Abstract

We wish to develop a CT scan-based scoring system which estimates the probability of adnexal mass malignancy. Patients (324) undergoing adnexal mass surgery were recruited into the study from June 1, 2002, to January 1, 2009. All study patients had a preoperative CT scan and serum CA-125 test. CT scan abnormalities included any solid tumor components, ascites, and pelvic or abdominal lymphadenopathy and omental caking. There were 225 (70%) benign and 99 (30%) malignant ovarian masses. Using logistic regression with the area under the curve of the receiver operating curve of 82%, the cancer probability was determined by the equation. e(-3.6372+0.0306*(A)+0.001*(C)+1.551*(D)+1.7377*(E)+2.76*(F)) / 1+e(-3.6372+0.0306*(A)+0.001*(B)+0.876*(C)+1.551*(D)+1.7377*(E)+2.76*(F)) where A = age, B = CA-125, C = solid adnexal mass is 1 and cystic is 0, D = ascites is 1, E = omental caking is 1 and absence is 0, F = node size ≥1 cm is 1 and <1 cm is 0 value.

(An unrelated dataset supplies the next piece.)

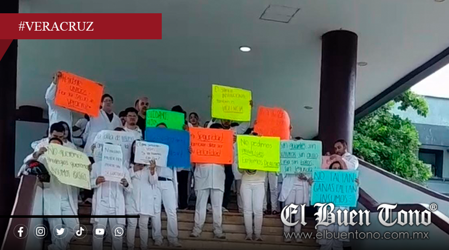 Veracruz, Ver.– La mañana de este jueves, médicos residentes del Hospital Regional de Veracruz realizaron una manifestación pacífica en las inmediaciones del nosocomio para denunciar la carencia de insumos básicos que, aseguran, afecta directamente la atención de los pacientes.

The natural logarithm e is a constant [2.718281828]. For example, for a woman of age 60, CA-125 = 50 U/mL, with solid adnexal mass, ascites, omental caking, and lymphadenopathy, the probability is 0.994. Hence, this woman has a 99.4% probability of having cancer. The computed tomography adnexal mass score combines CT scan findings, CA-125, and patient age into an equation to predict the malignant probability of an adnexal mass.